By selecting the nvqc
target, the quantum circuit simulation will run on NVQC in the cloud, rather than running locally.
import cudaq
cudaq.set_target("nvqc")
num_qubits = 25
# Define a simple quantum kernel to execute on NVQC.
kernel = cudaq.make_kernel()
qubits = kernel.qalloc(num_qubits)
# Maximally entangled state between 25 qubits.
kernel.h(qubits[0])
for i in range(num_qubits - 1):
kernel.cx(qubits[i], qubits[i + 1])
kernel.mz(qubits)
counts = cudaq.sample(kernel)
print(counts)
[2024-03-14 19:26:31.438] Submitting jobs to NVQC service with 1 GPU(s). Max execution time: 3600 seconds (excluding queue wait time).
================ NVQC Device Info ================
GPU Device Name: "NVIDIA H100 80GB HBM3"
CUDA Driver Version / Runtime Version: 12.2 / 11.8
Total global memory (GB): 79.1
Memory Clock Rate (MHz): 2619.000
GPU Clock Rate (MHz): 1980.000
==================================================
{ 1111111111111111111111111:486 0000000000000000000000000:514 }
#include <cudaq.h>
// Define a simple quantum kernel to execute on NVQC.
struct ghz {
// Maximally entangled state between 25 qubits.

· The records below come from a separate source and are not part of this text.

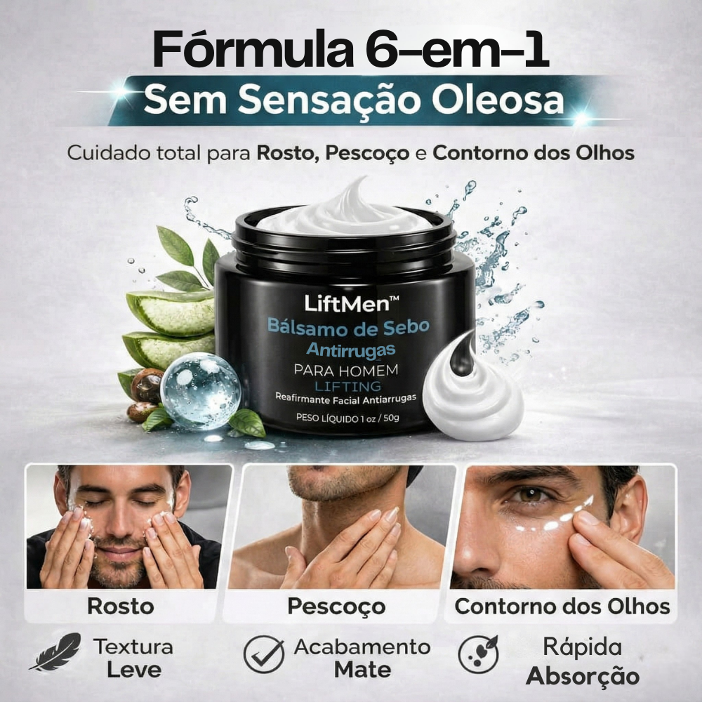 O LiftMen™ é o bálsamo de sebo concebido para o homem moderno. Consegue uma aparência rejuvenescida e forte, eliminando as linhas de expressão com uma fórmula de absorção imediata.
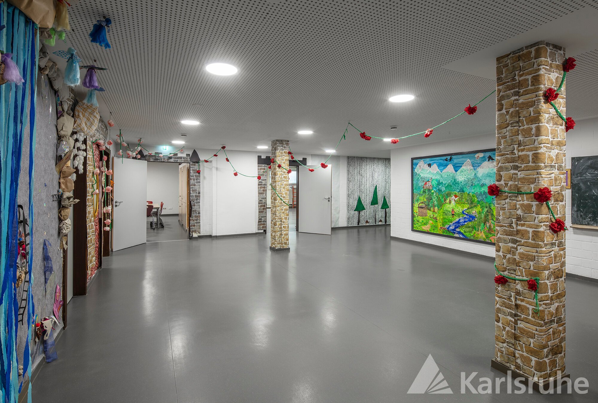 Das Bild zeigt den Flurbereich im Kellergeschoss mit neuem grauen Boden, heller Akustikdecke und energieeffizienten LED-Leuchten. Die Dekoration wirkt freundlich und naturnah.
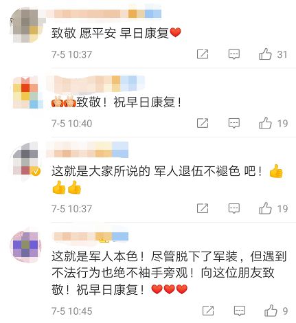 当看到他人财产受到威胁时,尹文杰不顾个人安危,挺身而出。作为一名退伍军人,他所表现出来的勇敢、顽强与果断令人敬佩。很多网友纷纷为其义举点赞,也祈愿能早日康复。
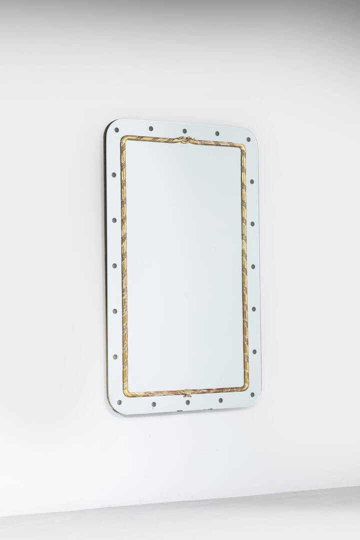 Vetro specchiato e particolari in legno sagomato e dorato.

auto operator()() __qpu__ {
constexpr int NUM_QUBITS = 25;
cudaq::qvector q(NUM_QUBITS);
h(q[0]);
for (int i = 0; i < NUM_QUBITS - 1; i++) {
x<cudaq::ctrl>(q[i], q[i + 1]);
}
auto result = mz(q);
}
};
int main() {
auto counts = cudaq::sample(ghz{});
counts.dump();
}
The code above is saved in nvqc_intro.cpp
and compiled with the following command, targeting the nvqc
platform
nvq++ nvqc_intro.cpp -o nvqc_intro.x --target nvqc
./nvqc_intro.x
[2024-03-14 19:25:05.545] Submitting jobs to NVQC service with 1 GPU(s). Max execution time: 3600 seconds (excluding queue wait time).
================ NVQC Device Info ================
GPU Device Name: "NVIDIA H100 80GB HBM3"
CUDA Driver Version / Runtime Version: 12.2 / 11.8
Total global memory (GB): 79.1
Memory Clock Rate (MHz): 2619.000
GPU Clock Rate (MHz): 1980.000
==================================================
{
__global__ : { 1111111111111111111111111:487 0000000000000000000000000:513 }
result : { 1111111111111111111111111:487 0000000000000000000000000:513 }
}
Simulator Backend Selection¶
NVQC hosts all CUDA-Q simulator backends (see CUDA-Q Simulation Backends).

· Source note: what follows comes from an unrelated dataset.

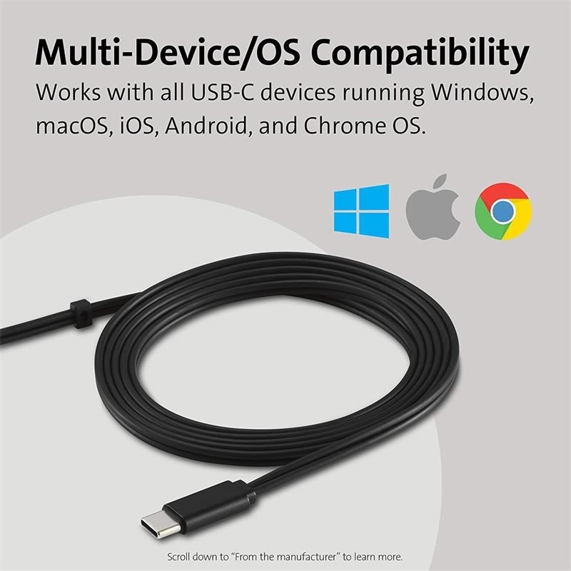 - Compatible con todos los dispositivos USB-C que ejecuten Windows, macOS, iOS, Android y Chrome OS.

You may use the NVQC backend
(Python) or --nvqc-backend
(C++) option to select the simulator to be used by the service.
For example, to request the tensornet
simulator backend, the user can do the following for C++ or Python.
cudaq.set_target("nvqc", backend="tensornet")

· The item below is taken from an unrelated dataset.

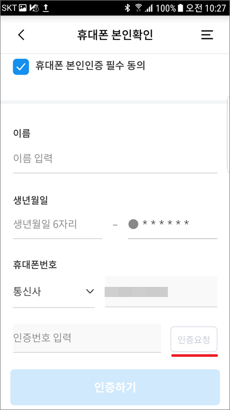 ⑥. 휴대폰 본인인증 필수 동의 체크하고 이름, 생년월일, 통신사 선택하고 인증요청합니다.

nvq++ nvqc_sample.cpp -o nvqc_sample.x --target nvqc --nvqc-backend tensornet
Note
By default, the single-GPU single-precision custatevec-fp32
simulator backend will be selected if backend information is not specified.
Multiple GPUs¶
Some CUDA-Q simulator backends are capable of multi-GPU distribution as detailed in CUDA-Q Simulation Backends.
For example, the nvidia-mgpu
backend can partition and distribute state vector simulation to multiple GPUs to simulate
a larger number of qubits, whose state vector size grows beyond the memory size of a single GPU.
To select a specific number of GPUs on the NVQC managed service, the following ngpus
(Python) or --nvqc-ngpus
(C++) option can be used.
cudaq.set_target("nvqc", backend="nvidia-mgpu", ngpus=4)
nvq++ nvqc_sample.cpp -o nvqc_sample.x --target nvqc --nvqc-backend nvidia-mgpu --nvqc-ngpus 4
Note
If your NVQC subscription does not contain service instances that have the specified number of GPUs, you may encounter the following error.
Unable to find NVQC deployment with 16 GPUs.
Available deployments have {1, 2, 4, 8} GPUs.
Please check your `ngpus` value (Python) or `--nvqc-ngpus` value (C++).
Note
Not all simulator backends are capable of utilizing multiple GPUs. When requesting a multiple-GPU service with a single-GPU simulator backend, you might encounter the following log message:
The requested backend simulator (custatevec-fp32) is not capable of using all 4 GPUs requested.
Only one GPU will be used for simulation.
Please refer to CUDA-Q documentation for a list of multi-GPU capable simulator backends.
Consider removing the ngpus
value (Python) or --nvqc-ngpus
value (C++) to use the default of 1 GPU
if you don’t need to use a multi-GPU backend to better utilize NVQC resources.
Please refer to the table below for a list of backend simulator names along with its multi-GPU capability.
Name |
Description |
GPU Accelerated |
Multi-GPU |
---|---|---|---|
|
CPU-only state vector simulator |
no |
no |
|
CPU-only density matrix simulator |
no |
no |
|
Single-precision |
yes |
no |
|
Double-precision |
yes |
no |
|
Double-precision |
yes |
yes |
|
Double-precision |
yes |
no |
|
Double-precision |
yes |
yes |
Multiple QPUs Asynchronous Execution¶
NVQC provides scalable QPU virtualization services, whereby clients can submit asynchronous jobs simultaneously to NVQC. These jobs are handled by a pool of service worker instances.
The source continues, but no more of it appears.